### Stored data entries
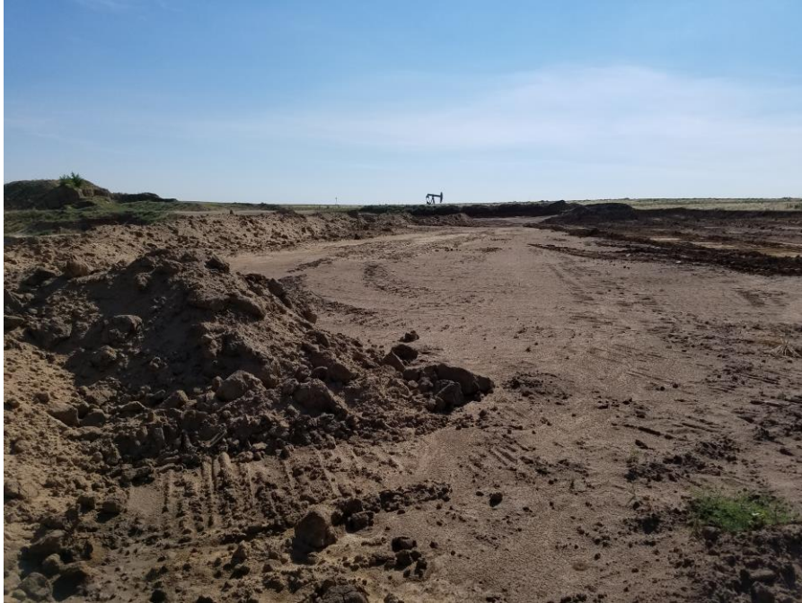
Figure 3. Area stripped of topsoil at the southeast corner of the active mine area.
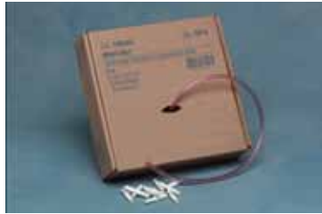
Bulk connecting tubing

Flexible, connecting tubing to adapt your system for various setups.
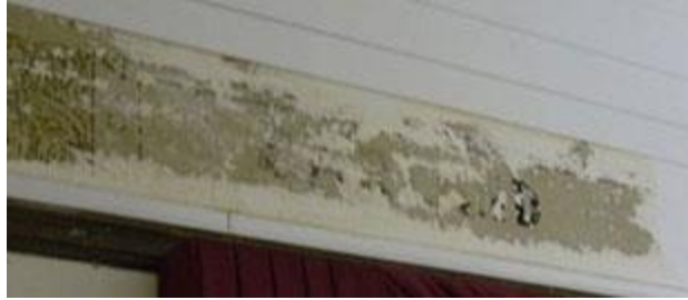
The first name found
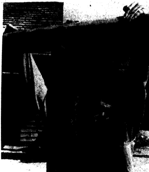
An example of the type of treatment which Stern Dorm Counselors are used to.

Q: Name two problems students may face and suggest a possible solution.
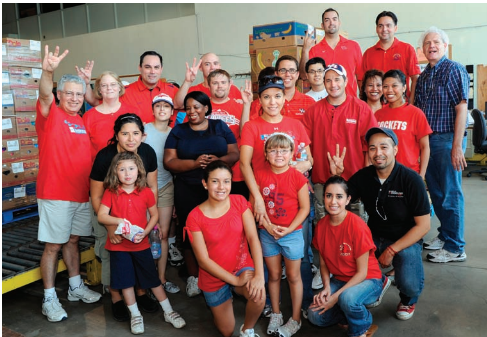
Volunteering was a family affair at the Bauer College Alumni Association's first-ever Alumni Day of Service, held in June at the Houston Food Bank.

The alumni association chose the Houston Food Bank as the recipient of its first Day of Service for many reasons, including its family friendly atmosphere, which allowed alumni to bring children as young as eight to volunteer alongside
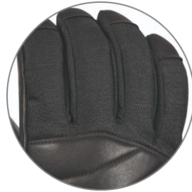
thermal insulation: Primaloft®
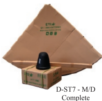
D-ST7 - M/D Complete
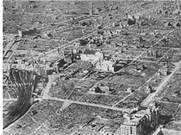
Aftermath of Osaka firebombing

Aside from evacuating civilians, the Japanese government's ineffectual efforts to defend cities against air attacks seem in retrospect more like "spiritual mobilization." 134 "Before the bombing started we saw more and more U.S. reconnaissance planes passing in the sky over Amagasaki," recalled Kuroshima Anto. "The city was on their return route from scouting Itami Airfield, and they flew so low we could even see the faces of the crew." 135 Antiaircraft artillery had virtually no effect and fighter-interceptor planes were nowhere in sight. Teruya Shūshin recalled that "thousands of shells were fired from antiaircraft guns lacking the range to come anywhere near planes that flew over ten thousand feet. It was pitiful." 136 Only the propaganda remained stalwart. Newspapers and posters gave upbeat instructions with manga -like illustrations urging city residents to cover their lamps with black cloth at night and to join volunteer firefighters in bucket relay drills. Neighborhood associations organized housewives to train with bamboo spears in case the enemy landed. Newspaper headlines and poster captions proclaimed, "Firebombs can't scare us," and "This is how we'll defend our cities." 137 More pointed criticism of the Japanese government came from Osaka resident Higa Hanako who, after hearing the emperor's surrender radio broadcast on August 8, 1945, reflected on "all the lives that could have been saved if he'd only made it earlier." 138
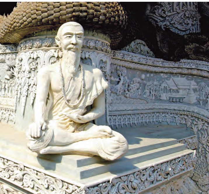
Wat Ming Mueang
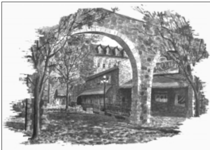
Courtyard Restaurant sketch taken from their web site home page.
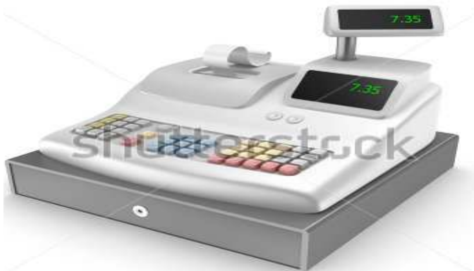
Figure 2.1 Electronic Cash Register
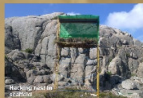
Hacking nest in scaffold
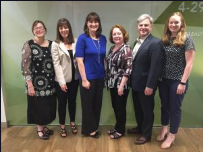
Mentors locally and nationally
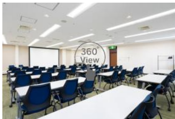
Lecture / workshop Room
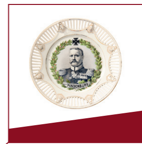
Wall plate Hindenburg was the most popular German military commander.
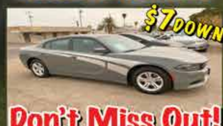
Don't Miss Out! 2019 Dodge Charger
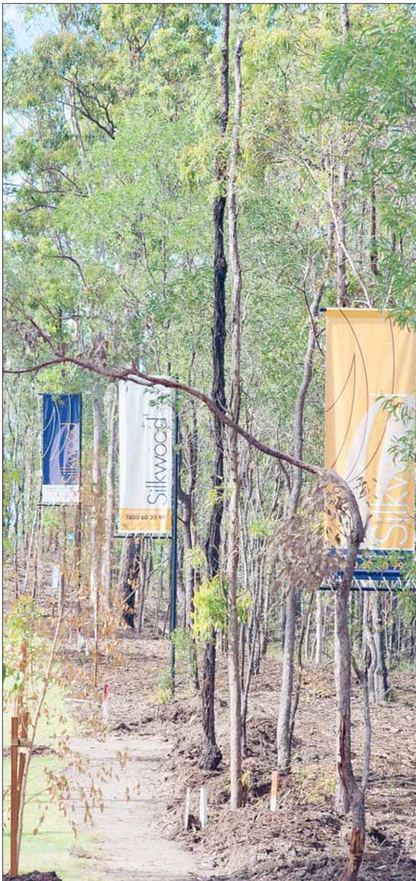
□ Silkwood Mount Cotton is set amidst an abundance of native bushland.
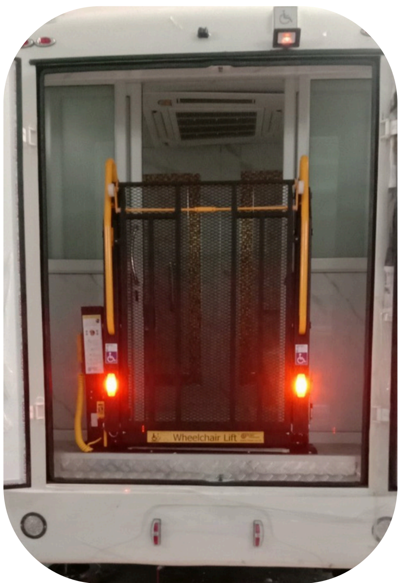
Full Rigid Platform

### ASSIGNED TASK
Please retype only the lines from the line that holds "Lecture / workshop Room" through the end of the records, exactly as they stand, and drop every picture.

### RESPONSE TO THIS TASK
Lecture / workshop Room
Wall plate Hindenburg was the most popular German military commander.
Don't Miss Out! 2019 Dodge Charger
□ Silkwood Mount Cotton is set amidst an abundance of native bushland.
Full Rigid Platform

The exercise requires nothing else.